If you have enrolled with the OBIE Directory you can generate one via the self-service user interface (Directory Frontend Interface, DFI) or programmatically via DIR-API.


am an ASPSP operating in the UK. How can I check the validity of an OBIE certificate when identifying a TPP? 

Any OBIE issued certificates can be validated at any time by one of 4 methods 

a) CRL endpoint on the certificate 

b) OCSP endpoint on the certificate 

cJWKSactive trust store 

d) the Certificate Validation Service(availableonly to ASPSPs enrolled with OBIE) 


What can ASPSPs use OBIE certificates for?

In addition to eIDAS certificates, ASPSPs can, if they choose to, use an OBIE certificate as an Alternative Certificate  for the purpose of confirming the identity of a TPP (i.e. to confirm that the entity presenting them with the OBIE certificate is the TPP to which OBIE has issued the certificate). 


What are the obligations on ASPSPs when they accept an Alternative Certificate for TPP identification purposes under UK RTS Art 34?

ASPSPs must also:

  1. verify that any certificate-holding TPP is authorised or registered to perform the applicable payment services (in a way that does not present an obstacle to the provision of those services) 
  2. satisfy itself that the issuer of the Alternative Certificate is suitable and has sufficient systems and controls to verify the information contained in the Alternative Certificate and 
  3. make public the forms of TPP identification they accept. 


Are OBIE certificates revoked when a TPP loses their relevant regulatory authorisation?

OBIE performs regular checks on competent authority registers to ensure that TPPs participating in the Open Banking Ecosystem have the necessary regulatory permissions to do so.

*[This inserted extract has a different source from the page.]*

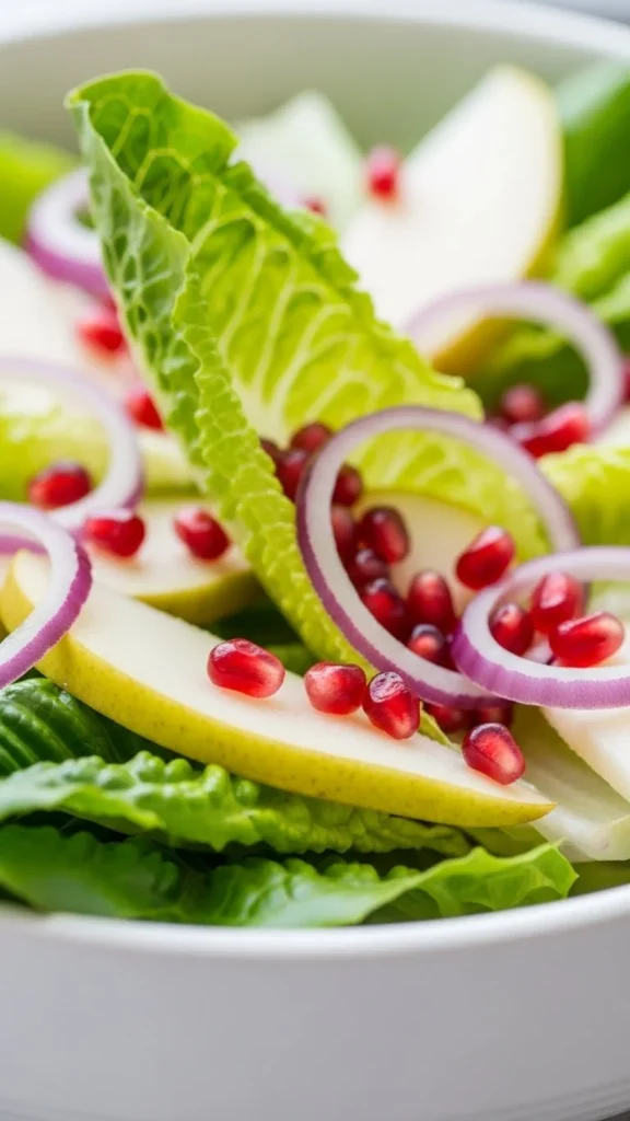 13. Romaine, Pear & Pomegranate Salad with Honey‑Mustard Dressing

OBIE will revoke an OBIE certificate when a TPP has had their regulatory permissions revoked by their competent authority and this has been reflected in the competent authority register 


Can ASPSPs rely on OBIE certificates to provide confirmation of the regulatory permissions of a TPP for their relevant payment service (s)?

OBIE does not recommend this approach as way for ASPSPs to verify that the TPP has the necessary authorisation to perform the relevant payment service(s), as OBIE Certificates are statically designed to support TPP identification only.   

Ultimately it is a decision for each ASPSP to determine the most appropriate way to perform the relevant regulatory checks in line with their obligations under the UK- RTS. 

OBIE recommends that ASPSPs confirm the regulatory status of a TPP through additional means – e.g. by consulting the register of the relevant national competent authority, through the Open Banking Directory or via another suitable alternative directory. 


Does OBIE provide any services that enable ASPSPs to verify the regulatory status of a TPP? 

Yes, OBIE provides three distinct services:

  1. The OBIE Directory TPP SCIM endpoint - This API can be used by ASPSPs to check the authorisations of any UK TPP (including TPR and SRO) as well as certain EU TPPs (including passporting rights from one EU member state into any other EU member states), provided these TPPS are also enrolled on the OBIE Directory. The use of this API is subject to the OBIE Directory SLA, which is agreed between OBIE and ASPSPs enrolled onto the OBIE Directory.
  2. the Certificate Validation Service - This service allows the ASPSP to submit the TPP’s certificate and returns confirmation of the validity of the certificate and the TPP’s authorisations regardless of whether that TPP is enrolled on the OBIE Directory or not. 
  3. NCA API - This API can be queried to get authorisation data for any TPP in the UK or EEA regardless of whether that TPP is enrolled on the OBIE Directory or not.